Compromise of the seed phrase in Ledger: in this story, I will say immediately, everything is well, especially the CTO’s explanation. Here the question of relevance is more ideological than architectural.

The difference between the potential compromise of a seed phrase in Ledger and the actual extraction in Trezor is that in the latter we treat it as an inevitable bug (or feature?) of a designed system, akin to how we accept the 51% attack in PoW. But in the former, the breach is effectively a social consensus violation that assumes no one but the user can directly influence their assets (not their value, but ownership and disposal).

That is why I have previously remained on the side of Trezor, although, due to the nature of my work, I use different solutions, and now the above point has pushed me toward even greater diversification of assets.

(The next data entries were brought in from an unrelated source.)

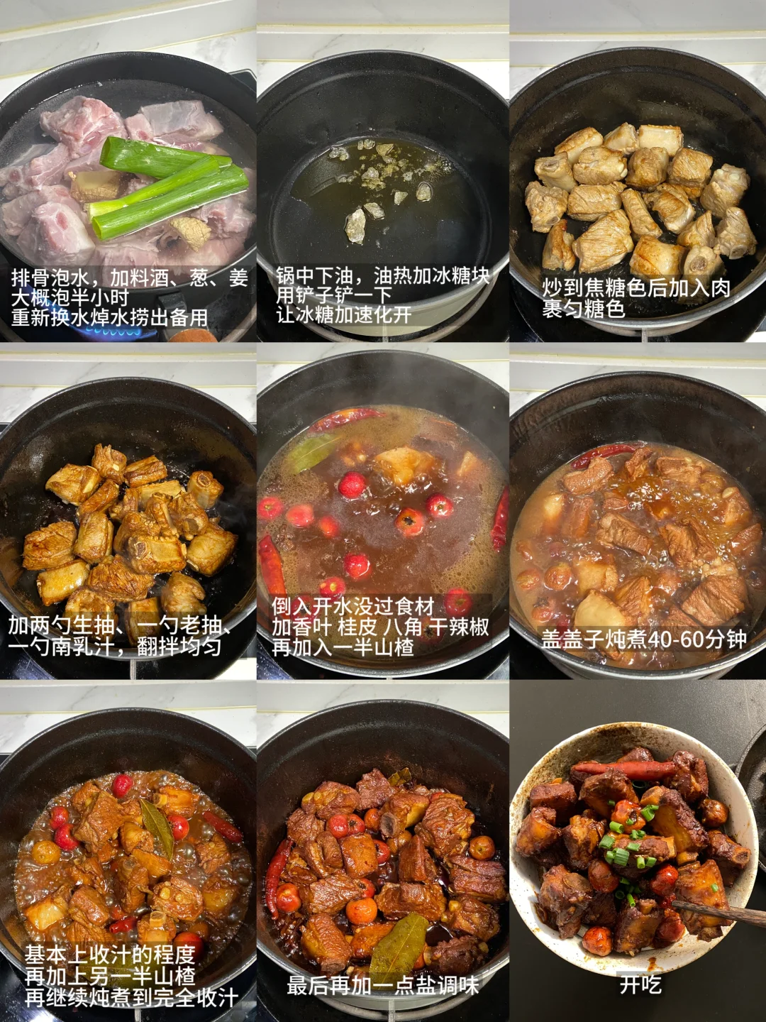 肋排两条|山楂|葱|姜|香叶|桂皮|八角|干辣椒|生抽|老抽|冰糖
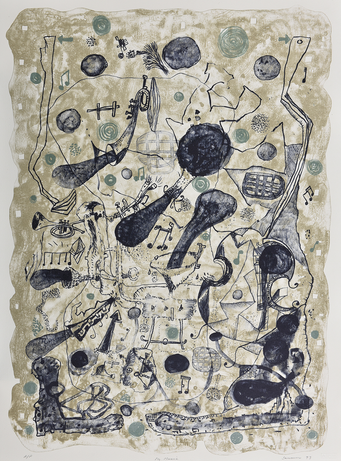 Gareth Sansom ( 1939 - ) is an Australian painter. Gareth Sansom s works have been auctioned off multiple times, with realized prices varying according to the size and medium of the artwork, for instance of 304.96 USD for My Music in 2016
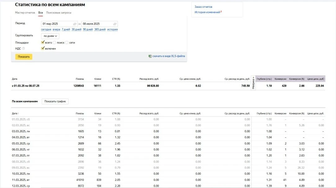 Посмотрите на реальные цифры из статистики (данные из Яндекс Директ за период 01.03.2025 - 08.07.2025 по 3 регионам):
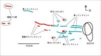 国立天文台と東京大学の研究者からなる研究チームが、すばる望遠鏡主焦点カメラを用いて、かみのけ座銀河団を観測し、銀河から延びるフィラメント状の不思議な構造を発見しました。この構造は若い星と電離ガスからなり、銀河団中の銀河RB199から南に約26万光年にわたって広がっています。あたかも銀河RB199からいくつものかたまりがまっすぐに飛び出しているかのような、その形態にちなんで、研究チームはこの構造を「火の玉 (fireballs)」と呼んでいます。かみのけ座銀河団に高速で落ちこんでいる銀河が、銀河団中心部を満たしている高温ガスと激しく衝突した結果、銀河内のガスがはぎ取られて、このような特異な構造を作ったものと考えられます。はぎ取られたガス中では星が生まれており、「火の玉」は銀河間空間で星を作る現場ともなっています。今回の発見は、銀河団中の銀河進化や、銀河間空間での星生成を探る上で重要な手がかりを与えると、研究チームは考えています。
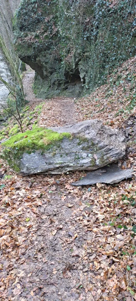 Forellenweg gesperrt! Dieser 2 m × 1,5 m große Felsbrocken ist aus einer Höhe von ca. 20m auf den Forellenweg gestürzt. Nachfolgend kommt es an dieser und an mehreren anderen Stellen entlang des Baybachs immer wieder zu Gesteinsabgängen.
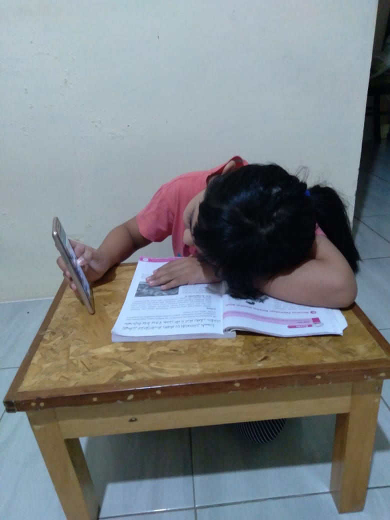 Secara psikologis saya melihat tekanan lebih terasa pada anak bungsu saya ketimbang yang sulung. Bagi si bungsu, pembelajaran jarak jauh benar-benar seperti meneror mentalnya. Di tengah kejenuhan yang luar biasa dia tetap harus dibebani materi-materi pelajaran yang dikirimkan gurunya setiap hari. Belum lagi tekanan yang secara tak sadar juga saya berikan agar dia tetap bisa mempertahankan nilai-nilai pelajarannya.

What else should hardware-wallet owners know?

There are no perfect systems. Here is an outline of the aspects of operation of TROPIC01 and related elements from the same Alex Petrov:

Today Satoshi Labs has advanced discussion of hardware security, but “this is essentially research work, supported by [several market participants], but it is far from a final product.”
Creating a truly secure chip is a big job, requiring solid practical experience in how to build such complex things and how to protect them.
The existence of things like RISC-V is not a panacea.
The present problems of Trezor lie in STM32F, which is cheap but not secure.

Hence I repeat: there are no perfect solutions. But you can still do something.

Security rules

The seed phrase requires both primary and secondary security measures. The difference between them is simple: primary measures have stood the test of time and form the minimum program, while secondary measures continually expand due to the evolution of Web3 services and markets.

Primary measures include:

Storing the seed on two to three alternative sources: usually a paper copy or a metal copy, decentralized storage among trusted people, and, for example, an encrypted a encrypted USB drive in a safe;
The application of digital hygiene rules, even if they seem excessive. A two-part ForkLog Community HUB article (first, second) published on ForkLog Community HUB;
The principle that if something is written from experience and blood, it is not worth rechecking. Seed phrases should never be disclosed to anyone, and the public key should not be either.

As for the Seed & xPUB relationship, I hope it has become clearer.